When he went to bed that night, Moreno was disturbed with remorseful thoughts of Valerie Delmonte. If the Chief of Police had found those bombs in her pocket, it was he who had told that somewhat slow-moving official he would find them there.
Then he comforted himself. If he had betrayed Valerie, he had prevented her from hurling to destruction a dozen or more innocent people. His conscience was quite clear. If she had been a very ugly woman, instead of a very pretty one, perhaps his conscience might not have been troubled at all.

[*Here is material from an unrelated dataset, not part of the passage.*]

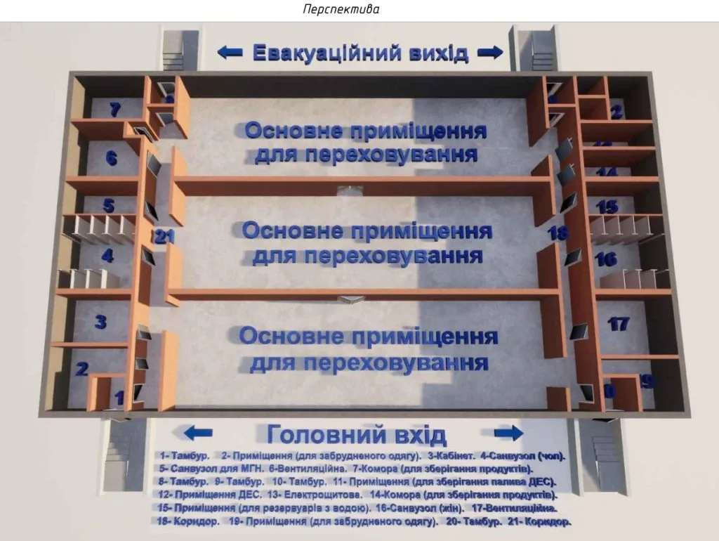 Згідно з технічним завданням підрядник має спорудити укриття площею 1000 квадратних метрів із залізобетонними стінами та перекриттями, герметичними та протипожежними дверима. До приміщення мають бути підведені водопостачання та каналізація. Споруда буде оснащена вентиляційними та протипожежними системами. Там також має бути встановлена система відеоспостереження та точки доступу Wi-Fi.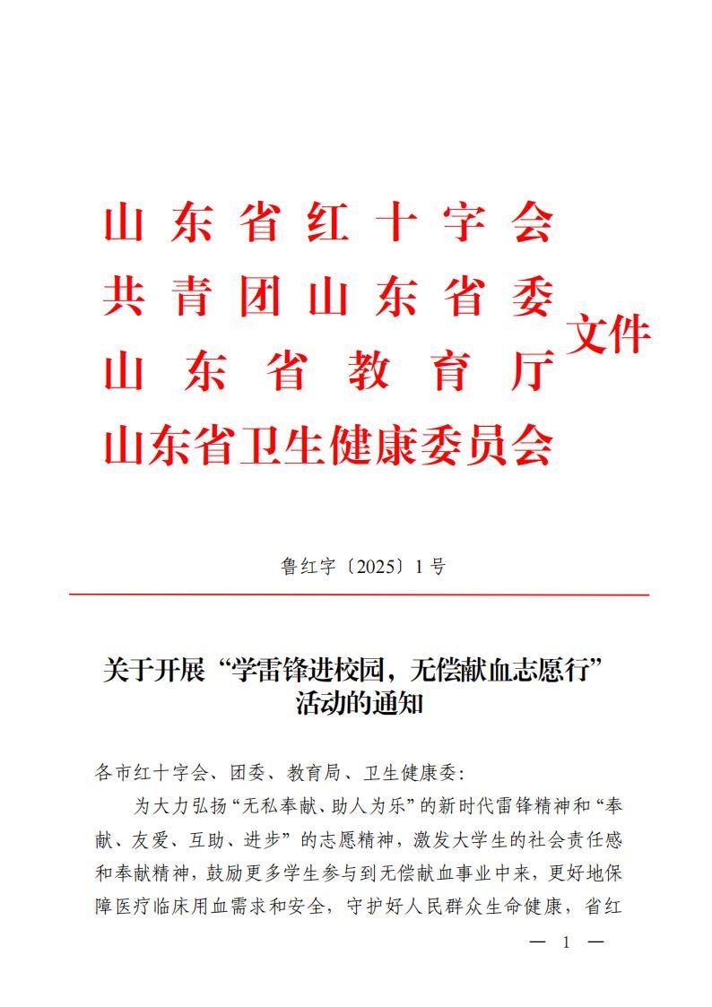 关于开展“学雷锋进校园,无偿献血志愿行活动的通知

“I didn’t think much of that Chief of Police at first,” he murmured drowsily, as he turned on his pillow. “But he seems to have managed it all right. Still, on the whole, I would rather deal with Scotland Yard, or the Sûreté in Paris.”
Chapter Seventeen.
Lord Saxham and his daughter had left Ticehurst Park. They were in their town house in Belgrave Square. They were neither of them very fond of London.
The Earl, in his youth and middle age, had experienced all the fleeting joys of the Metropolis. Mary, after the experience of her unfortunate love-affair, had definitely resolved that she would retire into a convent and devote herself to good works as soon as her father died.
Belgrave Square was even a little duller than Ticehurst Park. They were in the midst of a crowd that had forgotten them.
Lord Saxham was, to put it vulgarly, a back number, and was quite out of the modern whirl. Lady Mary, during her brief season, had fallen head over ears in love with the handsome young Guardsman, and had buried her heart in his grave.